Microsoft is heavily invested in FPGAs and ASICs. At the same time, it faces a practical problem. Putting a FGPA or ASIC in a PCIe slot limits the power and cooling available for these devices while at the same time increasing heat generation in traditional servers. As such, Microsoft tapped QCT and Molex to build the new OCP Mt Shasta Platform to house its growing farm of accelerators.
Microsoft QCT Mt Shasta Platform for FPGA and ASIC Farms at OCP Summit 2022
The chassis itself was shown at the Microsoft OCP Summit 2022 keynote. Microsoft’s Open Rack V3 chassis takes 48V bus bar input power input and has shared cooling for up to eight accelerator blades. Using this setup, Microsoft is able to deliver power and cooling to high-power devices. It also features hot-swap capabilities and the ability to have flexible device connectivity.
There were two of these chassis on the show floor that we took photos of. One was in the Microsoft booth. The other was in the QCT booth. Here is a look at the front of the system in the QCT booth. As a quick note, half of the materials at the show called this “Mt Shasta” the others simply “Shasta”.
Each of the ASIC/ FPGA modules locks into place and then there is a smaller middle module.
That middle module houses a DC-SCM for management. The SFF ports on the front of the module are to allow lower performance links to host systems for management.
Here is a look at the ASIC/ FPGA carrier card with a fairly blank PCB.
One of the features one will immediately notice is that there are external DACs made by Molex.
Here is a quick look at those connectors:
The back of these blades has the mating parts as well as cables between the management module and the individual FPGAs. Instead of a PCB backplane, Microsoft is using a cabled backplane here.
Power delivery is a huge feature of the box since this is designed for high-power accelerators.
Here is another view of the inside of the chassis.
At the rear we have a fan array and the bus bar power.
This is a quite interesting solution since Microsoft is targeting higher power/ cooling and serviceability.
Final Words
Overall, the Microsoft/ QCT Mt Shasta/ Shasta chassis is interesting. Microsoft told us that the reason it is not using OAM as a PCIe alternative or EDSFF E3 is that it needs higher power and hot swap capability. OAM offers power, but not hot-swap. E3 offers hot swap, but not high power. PCIe slots offer neither hot swap nor high power operation.

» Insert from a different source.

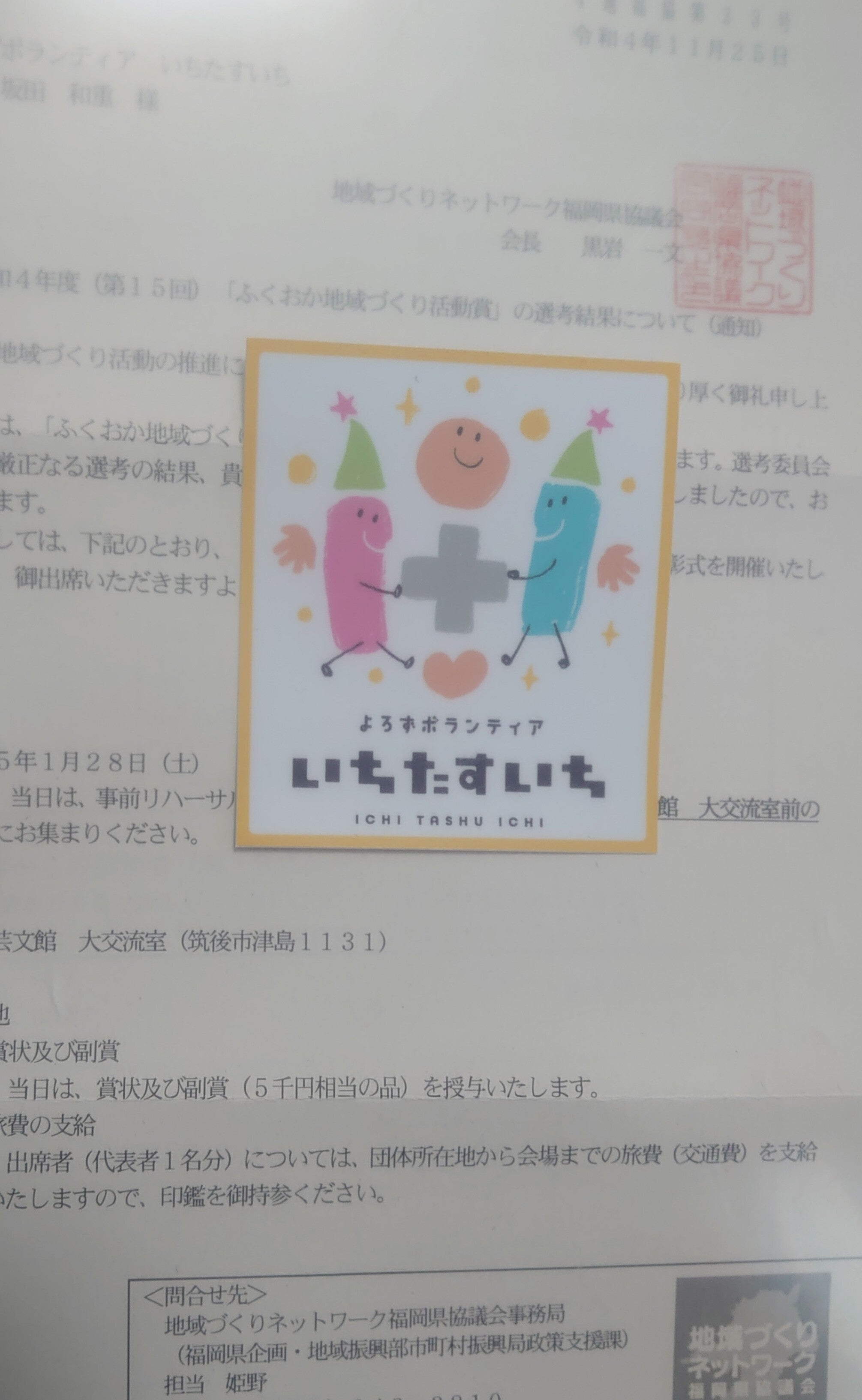 2022/12/04 12:36皆様にご報告かあります。この度は非常に多くのご支援がありまして無事に本プロジェクトが終了致しました。ありがとう御座いました。そして無事に目標金額達成致しまして大変感激しております。また本プロジェクトには反映できてませんが驚くほどの募金も頂き嬉しい限りです。ありがとう御座いました。またプロジェクト達成と喜んでいたら同時期に県から、「ふくおかまちづくり活動賞」なるものを頂きました。地道な活動が少し認められたのかなと思ってます。さあ、今月から当団体の活動が本格的に始動します。応援お願い致します。 もっと見るプロジェクトもラストスパートが近づいてきました~

It would have been more interesting to see this fully populated, but hopefully this at least gives our readers some sense of the capabilities of the new system.

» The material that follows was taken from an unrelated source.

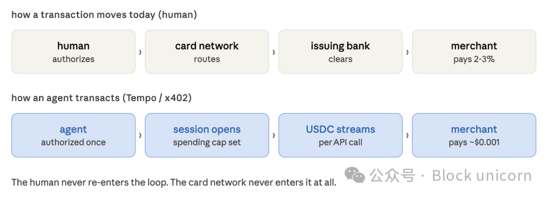 完成研究任务的代理每次会话都会调用数百次专门的数据 API。每次调用成本仅为几分之一美分。一周下来,这些调用可能为运营该服务的开发者带来 40 美元的收入。信用卡网络无法应对这种情况。最低交易额的经济模式行不通。商户入驻流程行不通。费用结构行不通。这类商业模式注定无法在 Visa 的框架下运行。它需要一种全新的模式,而 x402、Nanopayments 和 Tempo 正在构建这种模式。

They more than likely went with cable due to the connector loss when going pcb-pcb and cost of using exotic pcb material
Seems very META product.. showing an accelerator array with no actual fpga or just blanks.. is just inventing another N+1 standard.
The narrow P2P connections could have been made by a secondary edge connector.. like the Apple has customized the PCIe to its own liking with the Mac Pro.
Its hard to tell what scale they target.. as larger you go.. less there is a need for blade/node hotplug necessity.